Custom training games remove that step entirely. They reflect actual roles, real environments, specific decisions people face in that organisation. The situations feel immediately recognisable because they are recognisable. Language matches how people talk. Scenarios reflect what really happens, not some theoretical version of it.
This matters particularly in organisations with multiple brands or service models. Standards might be shared, but how they're expressed varies significantly. A budget hotel and a luxury resort both have service standards, obviously. But how those standards show up in practice - the tone, the pacing, the level of personalisation - is completely different.
Pascaline highlights this in hospitality: welcoming a guest is universal across Accor brands, but how that welcome gets delivered varies substantially by brand positioning and context.

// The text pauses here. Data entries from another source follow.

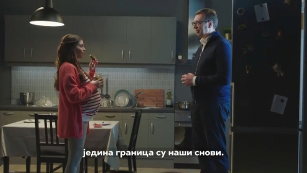 Na početku, trudnica i njen suprug na televiziji vide Vučića. „Joj, evo ga opet ovaj“, kaže suprug. „Stvarno. Samo što još iz frižidera ne iskoči“, dodaje žena. Ona potom otvara vrata frižidera iz kojeg izlazi Vučić. „Oprostite, ali važno mi je da doprem do svakog građanina Srbije. Puno je toga ostalo da se napravi, potrebno nam je još puteva, pruga, fabrika. Ako se ne varam, dobili ste i subvenciju za rešavanje stambenog pitanja. E, kad svi u Srbiji budu imali mogućnosti koje danas imate vi, nećete me toliko viđati. Trudimo se da to bude što pre. Do tada, upamtite, ako ostanemo ujedinjeni s tim ciljevima pred sobom, jedina granica su naši snovi“, govori Vučić, i vraća se u frižider. Na kraju suprug pita trudnicu da li je stavila pitu u rernu, na šta ona odgovara: „Hvala ti, ali nemoj, molim te, iz rerne“, aludirajući da bi Vučić mogao i odatle da iskoči.
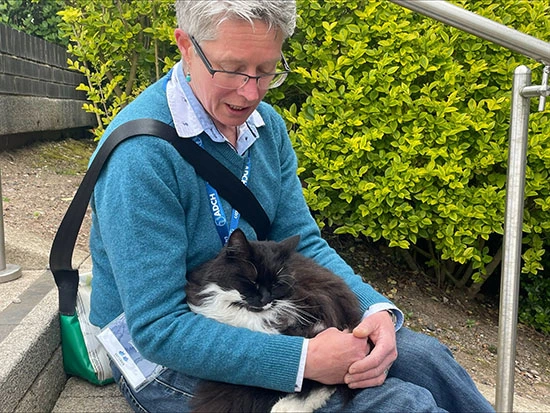 As several attendees took a break during the Association of Dog and Cat Homes conference at the Telford International Centre they were greeted by a large black-and-white cat who had taken an interest.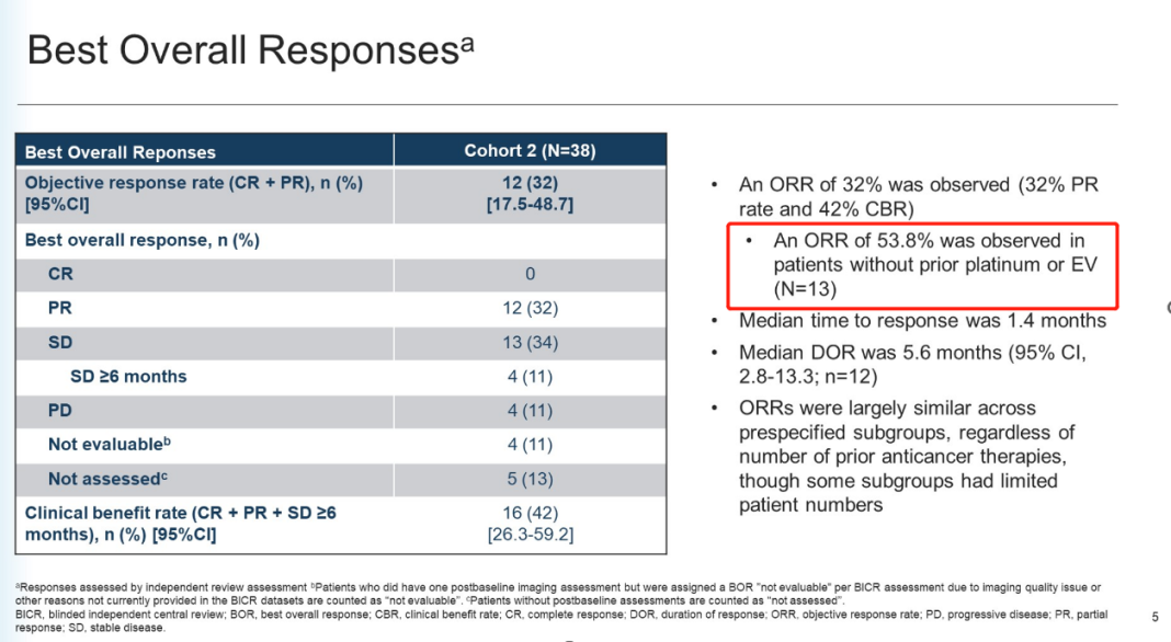 在不适用含铂化疗且既往接受过CPI治疗发生进展的患者中,SG单药治疗具有较高的缓解率,且总体安全可控。这些数据支持进一步评估SG用于既往接受过CPI治疗发生进展的mUC患者。

Custom training games can hold core principles steady while reflecting those differences. They support consistency without flattening everything into one-size-fits-all mediocrity that doesn't feel authentic to anyone. Generic templates struggle with this balance.

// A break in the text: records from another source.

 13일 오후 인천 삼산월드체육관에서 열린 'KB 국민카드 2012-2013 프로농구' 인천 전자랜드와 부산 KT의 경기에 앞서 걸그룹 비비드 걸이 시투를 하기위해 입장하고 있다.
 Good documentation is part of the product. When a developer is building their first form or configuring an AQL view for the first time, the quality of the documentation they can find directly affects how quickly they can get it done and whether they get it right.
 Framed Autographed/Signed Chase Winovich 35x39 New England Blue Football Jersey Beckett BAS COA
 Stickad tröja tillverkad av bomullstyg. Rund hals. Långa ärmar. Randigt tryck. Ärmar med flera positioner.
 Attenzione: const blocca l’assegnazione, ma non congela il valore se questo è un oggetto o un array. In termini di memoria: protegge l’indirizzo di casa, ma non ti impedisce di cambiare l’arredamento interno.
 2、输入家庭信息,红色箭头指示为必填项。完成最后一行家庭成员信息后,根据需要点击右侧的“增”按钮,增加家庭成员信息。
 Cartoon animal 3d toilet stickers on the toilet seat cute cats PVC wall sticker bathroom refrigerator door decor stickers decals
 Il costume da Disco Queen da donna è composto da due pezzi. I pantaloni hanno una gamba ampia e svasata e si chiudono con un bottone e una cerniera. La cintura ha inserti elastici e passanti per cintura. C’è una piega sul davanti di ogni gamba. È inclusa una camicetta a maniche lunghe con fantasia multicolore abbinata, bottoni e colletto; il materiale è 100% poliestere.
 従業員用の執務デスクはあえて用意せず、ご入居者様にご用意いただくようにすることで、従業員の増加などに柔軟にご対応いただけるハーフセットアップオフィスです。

That's one major reason the best Serious Game agencies spend a lot of time upfront understanding operational context rather than just jumping straight to production. The specificity is what makes the difference between training people use and training people ignore.
Where Games Fit (and Where They Don't)
Corporate training games work when they're designed to sit inside existing learning ecosystems, not replace them. Live training still introduces standards and expectations initially. Managers still reinforce behaviour through observation and coaching on the job. Games provide a digital layer that supports practice and reinforcement over time, particularly in the gaps between those live moments.

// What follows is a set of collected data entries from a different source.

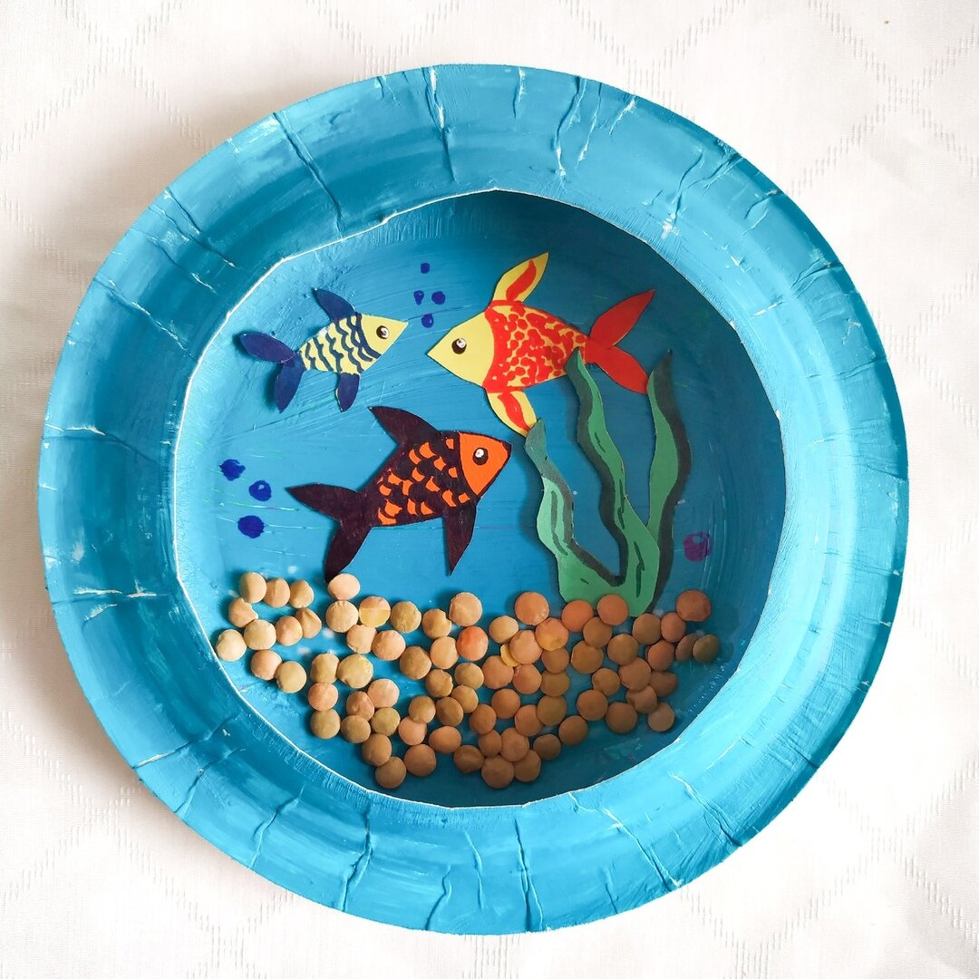 Материалы: Одноразовая картонная тарелка (2 шт.), цветная бумага или картон, ножницы, клей ПВА (или горячий клей), чечевица (можно использовать горох, фасоль или мелкую крупу), фломастеры или цветные карандаши, краски (гуашь). Как сделать: Для начала подготовим основу. Если ваша картонная тарелка подходящего цвета, то вы этот шаг пропускаете. Возьмите одну картонную тарелку и покрасьте её в синий или голубой цвет. Вторую тарелку, при желании, тоже можно покрасить, но только с наружной стороны. После того, как краска высохнет, возьмите ту тарелку, которая была покрашена с внешней стороны, и вырежьте середину (см. фото 2) Теперь займёмся деталями! Из цветной бумаги или картона вырежьте обитателей и наполнение аквариума: рыбок, водоросли, ракушки… Всё, что захотите! Не забудьте украсить ваших рыбок узорами! Когда всё будет готово, можно будет приступить к соединению всех деталей в единое целое. Итак, на целую тарелку, на нужный участок, нанесите клей ПВА и сверху посыпьте круп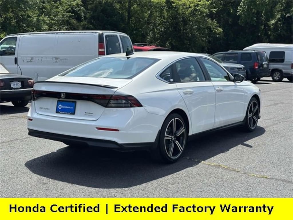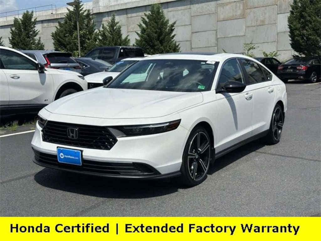 CARFAX One-Owner. Clean CARFAX. Certified. Platinum White Pearl 2024 Honda Accord Hybrid Sport ***ONE OWNER***, ***LOW MILES***, ***DEALER MAINTAINED***, ***EXCELLENT CONDITION***, ***HONDA CERTIFIED***, ***ADAPTIVE CRUISE CONTROL***, ***ALLOY WHEELS***, ***BACK UP CAMERA***, ***BLIND SIDE MONITORING***, ***FORWARD COLLISION ALERT***, ***LANE DEPARTURE WARNING***, ***POWER MOONROOF***, ***POWER SEATS***, ***REMOTE START***, HondaTrue Certified Certified, 2.0L 16V DOHC, 4-Wheel Disc Brakes, 8 Speakers, ABS brakes, Adaptive Cruise Control: Adaptive Cruise Control (ACC) with Low-Speed Follow, Air Conditioning, Alloy wheels, AM/FM radio, Apple CarPlay/Android Auto, Auto High-beam Headlights, Automatic temperature control, Blind Spot Information (BSI) System warning, Brake assist, Bumpers: body-color, Compass, Delay-off headlights, Driver door bin, Driver vanity mirror, Dual front impact airbags, Dual front side impact airbags, Electronic Stability Control, Emergency communication system: HondaLink, Exterior Parking Camera Rear, Fabric Seat Trim, Four wheel independent suspension, Front anti-roll bar, Front Bucket Seats, Front Center Armrest, Front dual zone A/C, Front reading lights, Fully automatic headlights, Illuminated entry, Knee airbag, Lane departure: Lane Keeping Assist System (LKAS) active, Leather Shift Knob, Leather steering wheel, Low tire pressure warning, Occupant sensing airbag, Outside temperature display, Overhead airbag, Overhead console, Panic alarm, Passenger door bin, Passenger vanity mirror, Power door mirrors, Power driver seat, Power moonroof, Power steering, Power windows, Radio data system, Radio: 180-Watt Audio System, Rear anti-roll bar, Rear reading lights, Rear seat center armrest, Rear side impact airbag, Rear window defroster, Remote keyless entry, Security system, Speed control, Speed-sensing steering, Speed-Sensitive Wipers, Split folding rear seat, Spoiler, Steering wheel mounted audio controls, Telescoping steering wheel, Tilt steering wheel, Traction control, Trip computer, Variably intermittent wipers, Wheels: 19 x 8.5J Berlina Black, 2.0L 16V DOHC.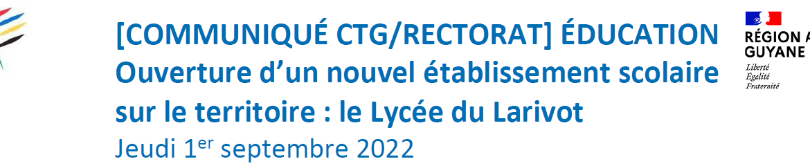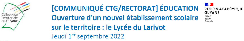[COMMUNIQUÉ CTG/RECTORAT] ÉDUCATION Ouverture d’un nouvel établissement scolaire sur le territoire : le Lycée du Larivot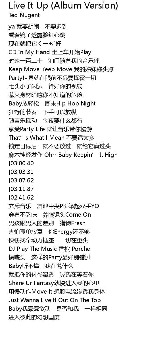 | [03:22.79][03:03.31][02:28.59][01:17.14] | Live It Up 看你Show Ur Body 惹火 |
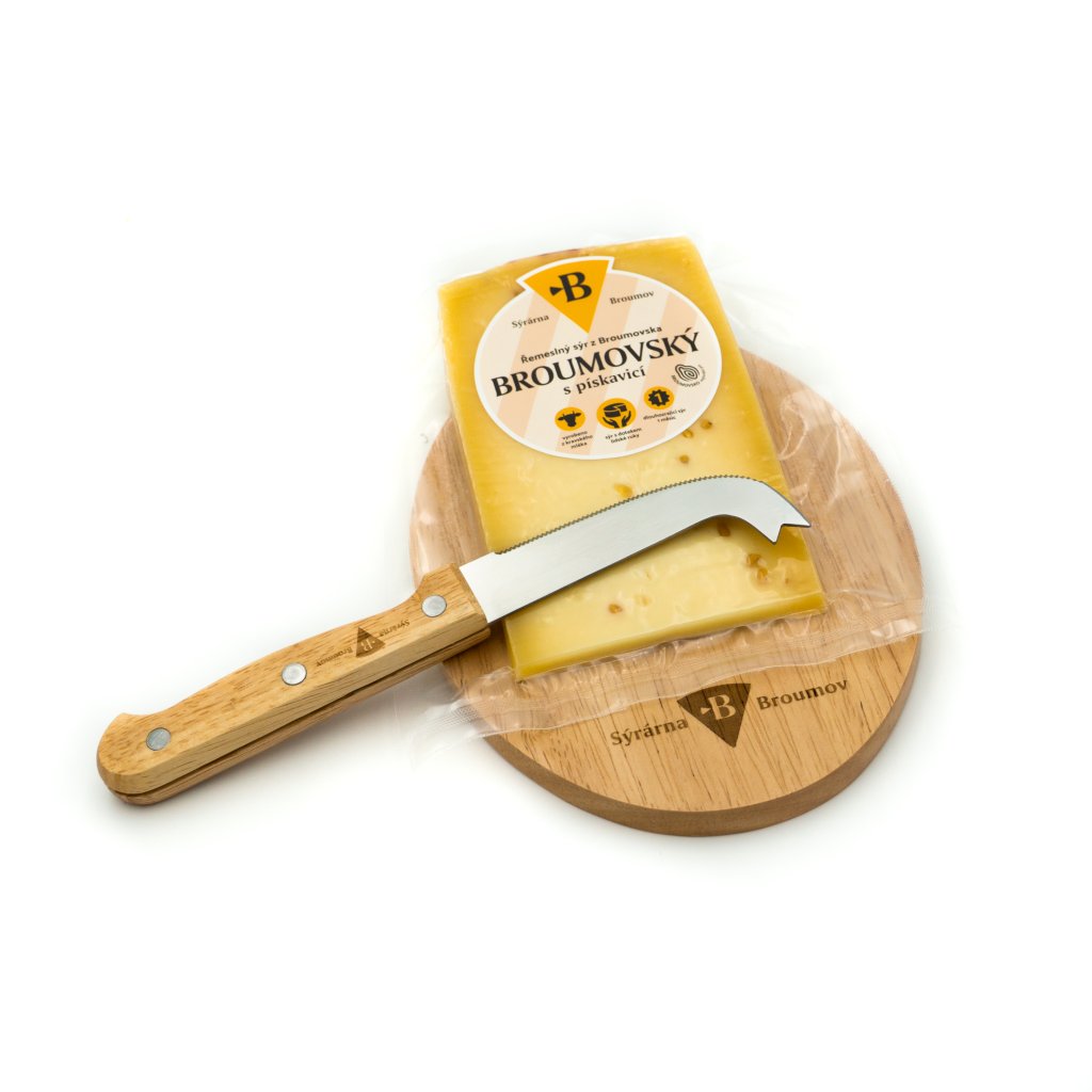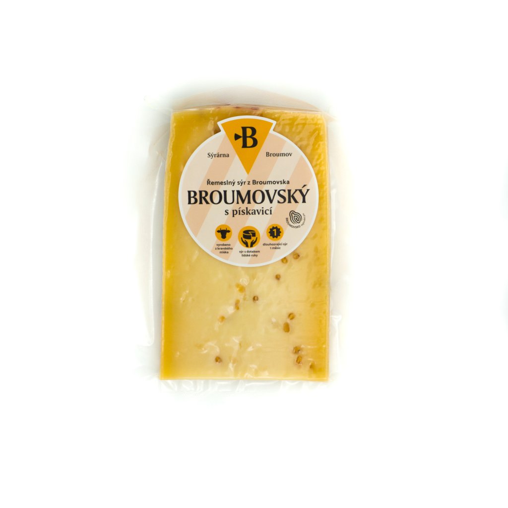 Broumovský sýr s pískavicí je náš oblíbený polotvrdý sýr. Pískavice mu dodává výraznou oříškovou chuť. Oproti ořechům je nealergenní.

They're useful after workshops but before the next coaching session. When someone needs a refresher months later but there's no scheduled training. When a team member changes roles and needs to get up to speed on new situations quickly. When you need consistency across locations but can't have trainers everywhere simultaneously.
What they're not good for: replacing human judgement, handling edge cases that require nuanced decision-making beyond the scenarios built into the game, or teaching genuinely new concepts that people haven't been introduced to through other means.
In other words, corporate training games don't compete with human learning. They help hold it together at scale, which is a different function.
Common questions about corporate training games
What does a game based learning agency do?
A game based learning agency or company that creates Serious Games designs interactive digital learning experiences focused on practicing real workplace decisions and reinforcing standards through repeated scenarios rather than just delivering information.
Why do corporate training games work well in large organisations?
They support consistency and reinforcement at scale, especially when teams are dispersed, access to live training varies, and informal learning methods stop working reliably past a certain organisational size.
What makes custom training games more effective than generic e-learning?
They reflect actual roles, real environments, and specific decisions from the organisation using them, removing the translation step where learners have to figure out how abstract scenarios apply to their specific context.
How do corporate training games fit into existing training programmes?
They complement live training and coaching by providing a digital way to practice and reinforce learning between formal training moments, acting as a connective layer that helps maintain consistency over time.